Mrs Thatcher said a “good deal of this damage” was repaired by the satisfaction with Timex performance expressed publicly by major customers such as Sinclair and IBM.
She highlighted assurances given by the firm that it was willing to consider locating not just new products at the Dundee factory but also research and development work.
“I understand that the company’s decisions on the watch making side result from the decline in the world market for mechanical watches,” the Prime Minister went on.
“But I want to assure you that the steps which you are currently taking to secure the electronics business, together with any further moves which you might be considering to establish a platform for future growth in Dundee, will have our full support.”
Timex management said there had been a reasonably significant response from employees to the offers of voluntary redundancy and early retirement.
Of the 1,900 redundancies originally announced 1,700 were secured voluntarily.
The remaining 200 would be compulsory redundancies.
On April 8 the Milton workers resisted compulsory redundancy by occupying the plant.
Willie Leslie, a shop steward, said: “Over the past 90 days we have exhausted all possibilities available to us.
“Our backs are to the wall and we now have no option other than to take the present industrial action.”
In the course of the six-week occupation it became clear that watch-making could not be preserved and 300 further redundancies were announced on May 6.
The further 300 posts were as a result of lost business from the sit-in.
Those involved shifted their goal to securing improved exit terms and on May 18 the workers agreed to accept an agreement and go back to work.

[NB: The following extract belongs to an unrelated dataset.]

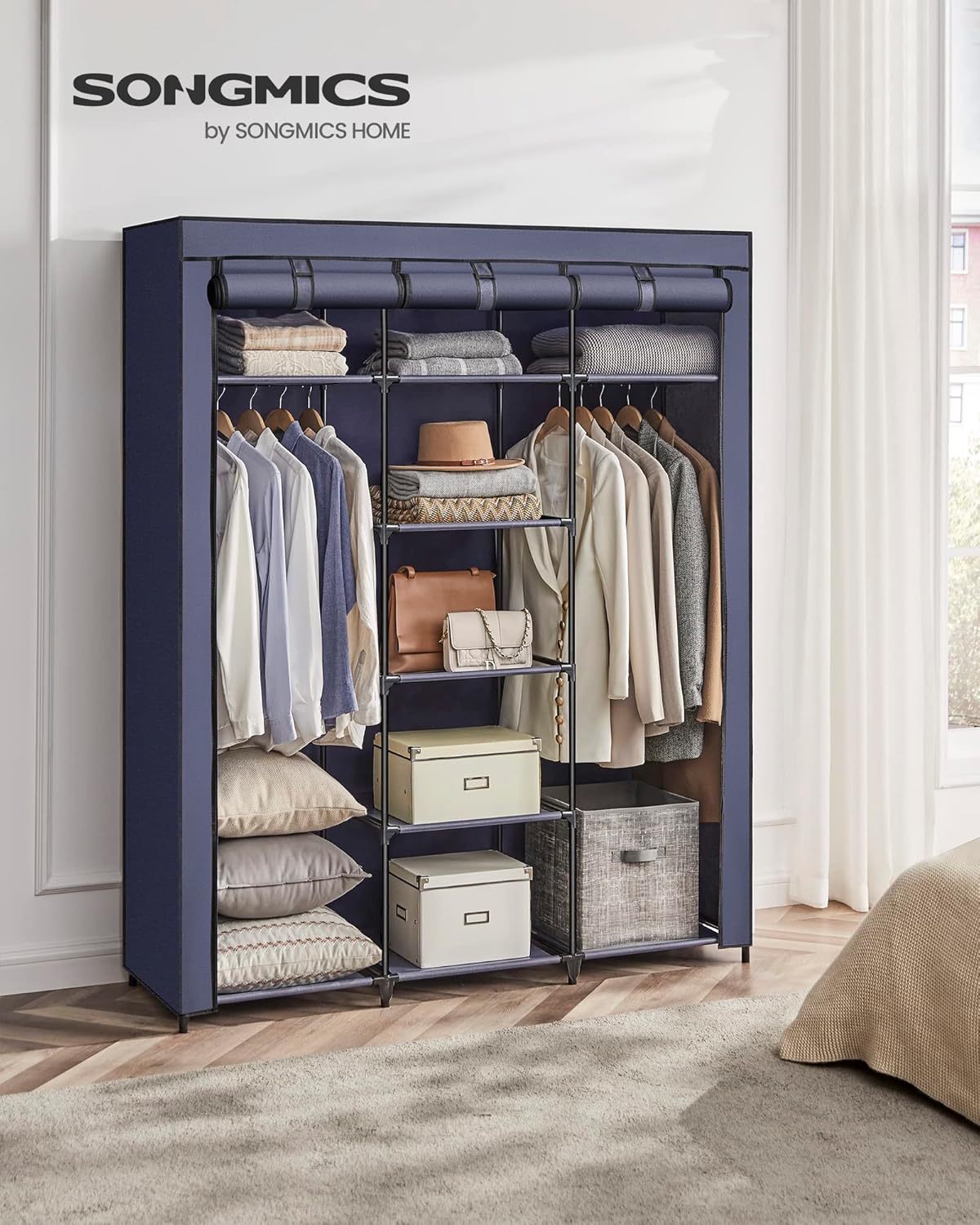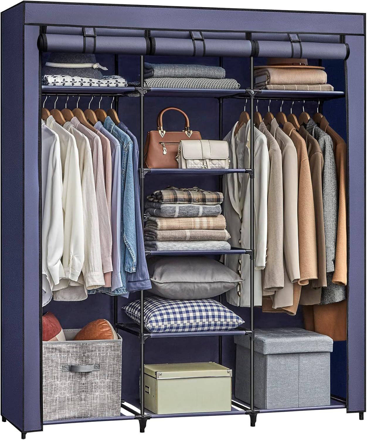 Hæng dit tøj på de 2 stænger i stofgarderoben i pæne rækker. Placer dine foldede klæder på hylderne. Når du skal vælge din påklædning til en stor dag, er alt hvad du har lige ved hånden

Timex lifted its court action to repossess the Milton of Craigie building.
The agreement accepted both the initial 1,900 redundancies announced on January 10 and the further 300 announced on May 6 as a result of lost business.
But the sun was setting on Timex.
The Milton of Craigie plant was slowly wound down, closed, sold-off and bulldozed in 1988 and Dunsinane was closed and torn down in 1991.
Timex closed its doors for the last time on August 29 1993, following six months of bitter industrial unrest and battles on the picket lines.